В лабораторию они с Ольгой примчались почти одновременно. Федя к их появлению уже захлёбывался в бурном потоке непрерывно поступающих противоречивых данных и совершенно не представлял, что делать с внезапно активировавшейся лабораторной установкой. Та вела себя совершенно неподобающе, сипела и подтраивала, показатели не соответствовали норме, демонстрируя то скачкообразное увеличение, то резкое уменьшение массы объёкта в приёмопередатчике. Пару раз, будто в бессилии, аппаратура замирала, и на людей обрушивалась зловещая густая тишина, чтобы через несколько секунд снова утонуть в сбивчивом ритме работающей техники. После очередной подобной лакуны, удостоверившись в относительно стабильном состоянии объекта, Юрий и принял решение объект этот извлечь.
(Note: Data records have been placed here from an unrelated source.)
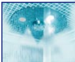
LED BLU NEBBIA CON ESSENZA AROMATICA A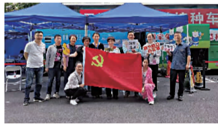
积极参与疫苗接种志愿工作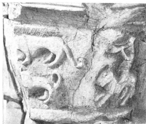
Fig. 3. — Falaise. — Eglise St-Gervais. Chapiteau roman: Triptyque de la « Scène de chasse ». Volet central: « aux deux animaux superposés », et volet droit: « au cavalier chasseur et sonneur d'oliphant ».

Однако гибкие пальцы манипулятора вытащили на свет божий не металлический шарик, а нечто грязно-коричневое, напоминающее лоскут мятой ткани.
Повинуясь скорее интуиции, чем рассудку, Юрий немедленно, не дожидаясь помещения объекта на специальную платформу, запустил масс-спектрометр, что инструкцией категорически запрещалось, и скомандовал Ольге и Фёдору начать запись с автоматическим трёхмерным моделированием максимального разрешения.